▶ _What you should do_:
From the data below, return only the lines from the one with "Necessaire para brindes" through the one with "Baño de azulejos", exact and inclusive, with pictures left out.

▶ _Material shown_:
━━━━━━━━━━━━━━━━━━━━

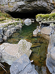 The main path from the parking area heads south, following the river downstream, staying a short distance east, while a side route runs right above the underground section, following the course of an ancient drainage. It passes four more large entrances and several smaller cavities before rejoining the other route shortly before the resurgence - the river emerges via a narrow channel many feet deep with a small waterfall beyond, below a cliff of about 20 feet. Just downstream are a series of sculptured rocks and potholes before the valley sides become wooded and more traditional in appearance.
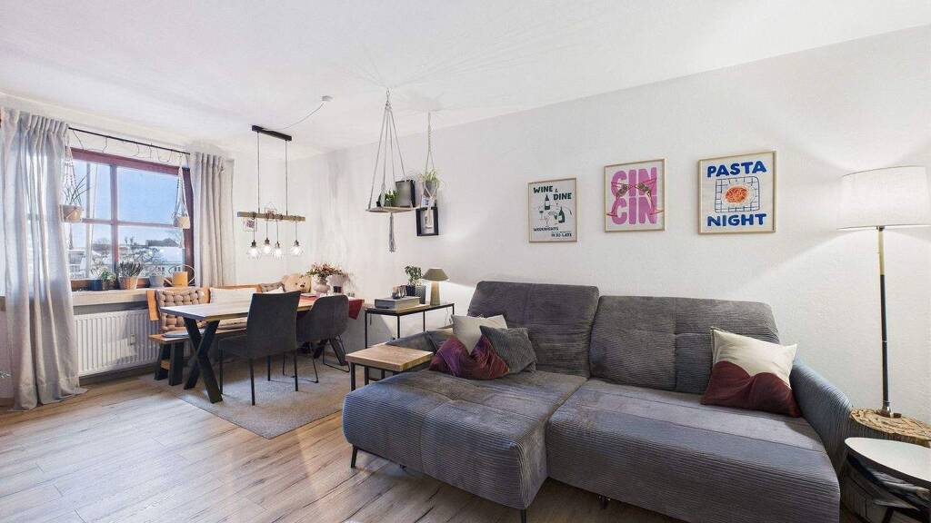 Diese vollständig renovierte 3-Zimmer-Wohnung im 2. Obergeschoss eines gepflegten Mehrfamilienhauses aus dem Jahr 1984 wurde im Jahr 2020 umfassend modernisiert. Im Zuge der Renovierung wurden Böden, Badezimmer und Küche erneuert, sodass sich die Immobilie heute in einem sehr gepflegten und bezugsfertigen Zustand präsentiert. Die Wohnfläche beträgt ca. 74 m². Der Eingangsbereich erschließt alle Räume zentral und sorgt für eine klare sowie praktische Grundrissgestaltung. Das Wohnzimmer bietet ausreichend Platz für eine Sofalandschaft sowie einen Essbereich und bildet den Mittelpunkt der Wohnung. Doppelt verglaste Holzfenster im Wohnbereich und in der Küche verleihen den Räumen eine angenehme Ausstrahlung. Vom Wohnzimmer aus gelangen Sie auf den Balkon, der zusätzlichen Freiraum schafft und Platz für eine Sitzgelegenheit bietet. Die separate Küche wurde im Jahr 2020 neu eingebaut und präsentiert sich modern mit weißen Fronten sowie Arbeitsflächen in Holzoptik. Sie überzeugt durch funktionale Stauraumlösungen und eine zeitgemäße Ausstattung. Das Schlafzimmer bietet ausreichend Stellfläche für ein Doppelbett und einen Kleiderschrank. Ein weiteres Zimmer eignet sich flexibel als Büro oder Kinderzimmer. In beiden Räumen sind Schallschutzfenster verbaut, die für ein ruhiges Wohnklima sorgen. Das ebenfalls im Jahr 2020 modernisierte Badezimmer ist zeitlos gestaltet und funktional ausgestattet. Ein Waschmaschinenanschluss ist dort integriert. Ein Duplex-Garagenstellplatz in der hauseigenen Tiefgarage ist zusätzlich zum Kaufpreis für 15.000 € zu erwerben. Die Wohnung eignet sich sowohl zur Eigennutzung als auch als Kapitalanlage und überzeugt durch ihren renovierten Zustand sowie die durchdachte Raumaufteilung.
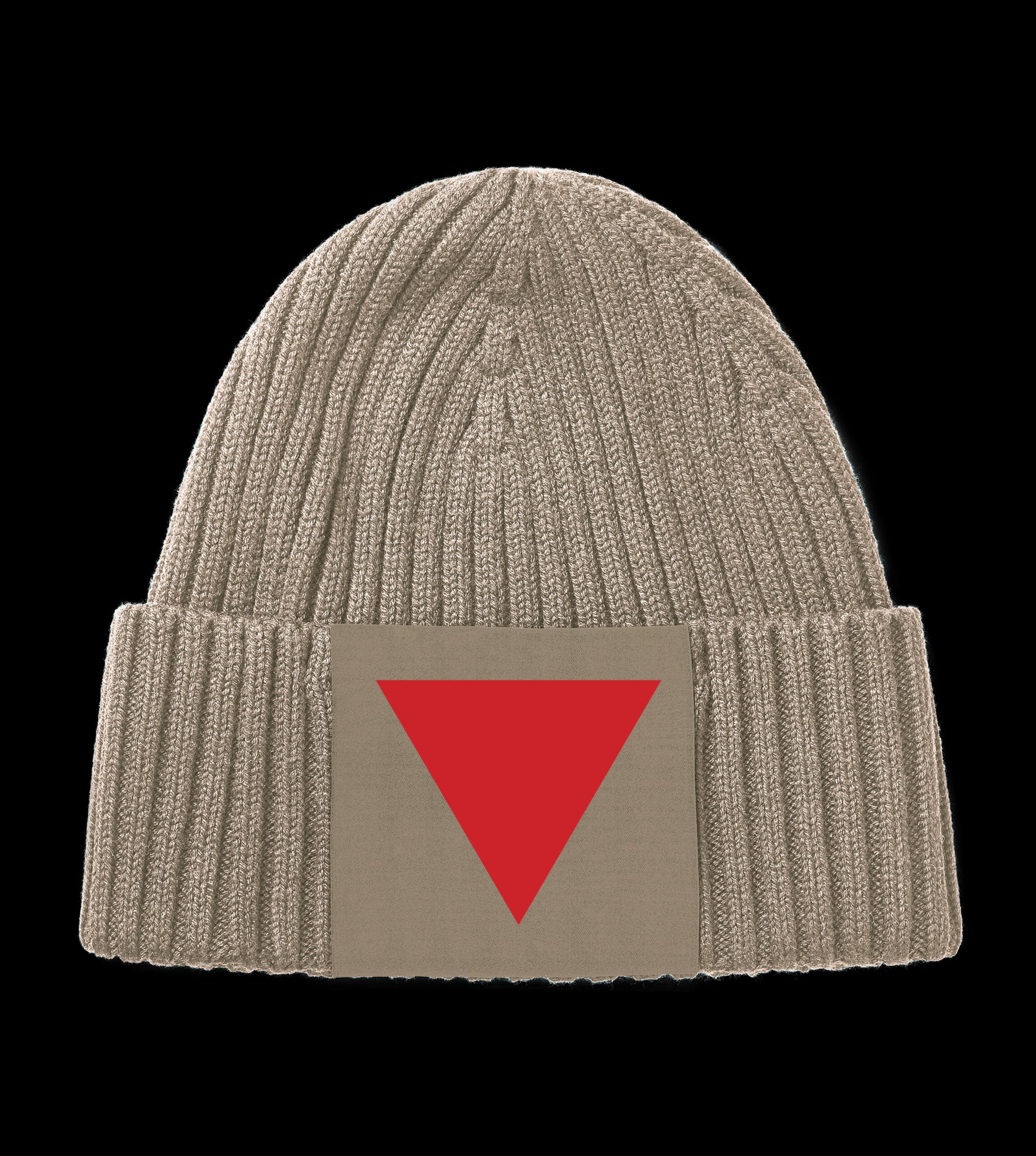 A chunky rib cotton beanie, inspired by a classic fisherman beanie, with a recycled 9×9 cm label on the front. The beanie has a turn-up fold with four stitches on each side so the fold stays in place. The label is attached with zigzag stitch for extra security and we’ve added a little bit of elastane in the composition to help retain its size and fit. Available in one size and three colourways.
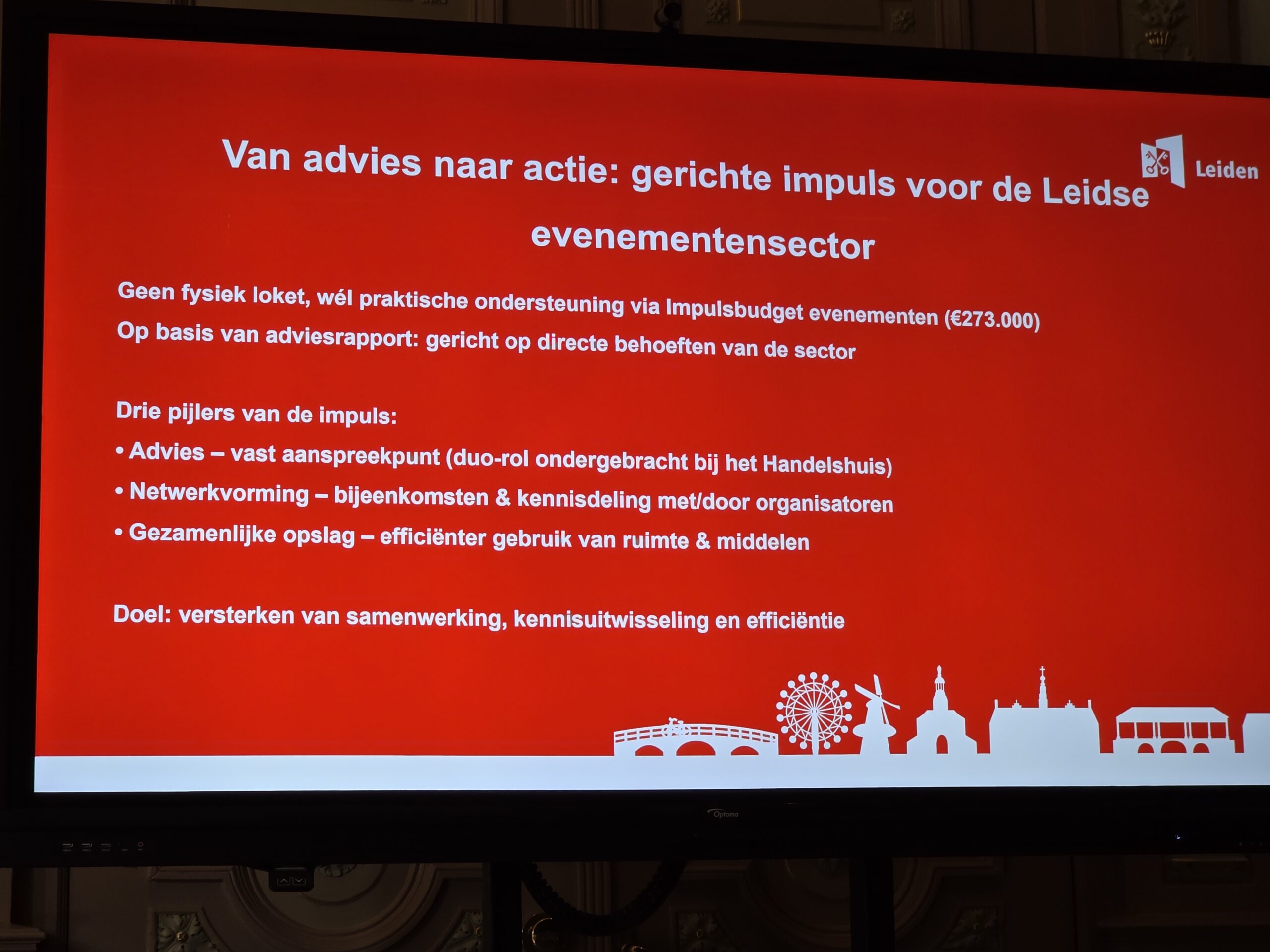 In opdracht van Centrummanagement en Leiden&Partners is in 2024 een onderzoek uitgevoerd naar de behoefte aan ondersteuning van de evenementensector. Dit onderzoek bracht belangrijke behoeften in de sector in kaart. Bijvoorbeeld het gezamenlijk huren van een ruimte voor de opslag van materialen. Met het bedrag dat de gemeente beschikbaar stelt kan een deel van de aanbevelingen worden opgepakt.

━━━━━━━━━━━━━━━━━━━━

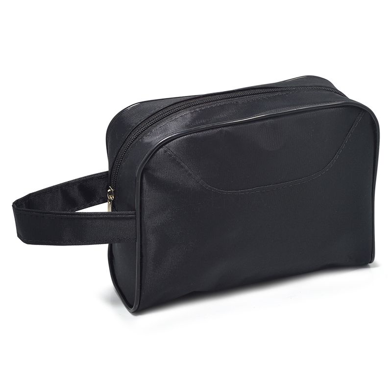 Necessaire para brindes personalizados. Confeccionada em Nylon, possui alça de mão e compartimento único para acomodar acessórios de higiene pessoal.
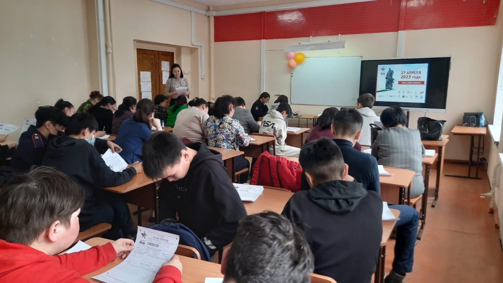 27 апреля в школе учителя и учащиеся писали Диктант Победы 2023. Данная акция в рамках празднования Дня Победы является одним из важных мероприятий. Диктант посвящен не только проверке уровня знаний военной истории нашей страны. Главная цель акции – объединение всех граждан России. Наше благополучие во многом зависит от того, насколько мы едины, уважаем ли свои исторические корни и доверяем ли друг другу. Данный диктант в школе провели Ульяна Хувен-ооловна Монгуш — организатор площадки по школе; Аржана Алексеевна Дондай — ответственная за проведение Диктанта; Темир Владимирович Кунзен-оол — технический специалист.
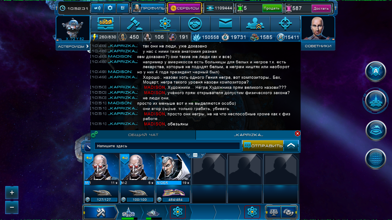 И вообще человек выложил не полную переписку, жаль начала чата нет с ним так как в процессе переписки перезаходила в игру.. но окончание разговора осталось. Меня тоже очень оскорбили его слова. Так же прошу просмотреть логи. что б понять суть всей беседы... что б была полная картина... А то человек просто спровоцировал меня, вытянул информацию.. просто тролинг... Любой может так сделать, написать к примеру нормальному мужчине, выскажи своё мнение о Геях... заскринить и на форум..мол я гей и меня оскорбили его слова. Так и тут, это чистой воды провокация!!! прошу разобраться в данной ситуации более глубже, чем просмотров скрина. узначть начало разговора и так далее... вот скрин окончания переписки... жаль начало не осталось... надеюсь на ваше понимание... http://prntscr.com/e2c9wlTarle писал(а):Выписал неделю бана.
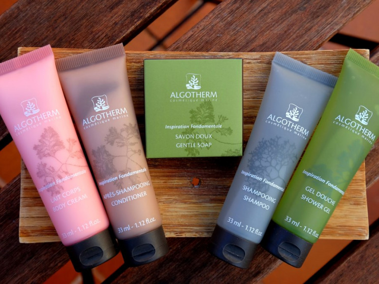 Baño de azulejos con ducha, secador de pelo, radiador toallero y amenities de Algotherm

━━━━━━━━━━━━━━━━━━━━

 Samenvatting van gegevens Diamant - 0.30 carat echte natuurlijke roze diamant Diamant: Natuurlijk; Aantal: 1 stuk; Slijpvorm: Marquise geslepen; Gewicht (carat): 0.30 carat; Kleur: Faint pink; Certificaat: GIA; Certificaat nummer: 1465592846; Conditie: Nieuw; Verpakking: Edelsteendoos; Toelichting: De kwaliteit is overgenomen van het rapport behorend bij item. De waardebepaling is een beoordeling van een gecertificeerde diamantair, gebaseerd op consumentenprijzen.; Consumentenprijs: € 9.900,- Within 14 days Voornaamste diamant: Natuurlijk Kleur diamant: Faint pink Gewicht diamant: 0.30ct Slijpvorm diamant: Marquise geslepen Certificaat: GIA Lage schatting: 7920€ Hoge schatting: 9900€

━━━━━━━━━━━━━━━━━━━━

▶ _Result for this exercise_:
 Necessaire para brindes personalizados. Confeccionada em Nylon, possui alça de mão e compartimento único para acomodar acessórios de higiene pessoal.
 27 апреля в школе учителя и учащиеся писали Диктант Победы 2023. Данная акция в рамках празднования Дня Победы является одним из важных мероприятий. Диктант посвящен не только проверке уровня знаний военной истории нашей страны. Главная цель акции – объединение всех граждан России. Наше благополучие во многом зависит от того, насколько мы едины, уважаем ли свои исторические корни и доверяем ли друг другу. Данный диктант в школе провели Ульяна Хувен-ооловна Монгуш — организатор площадки по школе; Аржана Алексеевна Дондай — ответственная за проведение Диктанта; Темир Владимирович Кунзен-оол — технический специалист.
 И вообще человек выложил не полную переписку, жаль начала чата нет с ним так как в процессе переписки перезаходила в игру.. но окончание разговора осталось. Меня тоже очень оскорбили его слова. Так же прошу просмотреть логи. что б понять суть всей беседы... что б была полная картина... А то человек просто спровоцировал меня, вытянул информацию.. просто тролинг... Любой может так сделать, написать к примеру нормальному мужчине, выскажи своё мнение о Геях... заскринить и на форум..мол я гей и меня оскорбили его слова. Так и тут, это чистой воды провокация!!! прошу разобраться в данной ситуации более глубже, чем просмотров скрина. узначть начало разговора и так далее... вот скрин окончания переписки... жаль начало не осталось... надеюсь на ваше понимание... http://prntscr.com/e2c9wlTarle писал(а):Выписал неделю бана.
 Baño de azulejos con ducha, secador de pelo, radiador toallero y amenities de Algotherm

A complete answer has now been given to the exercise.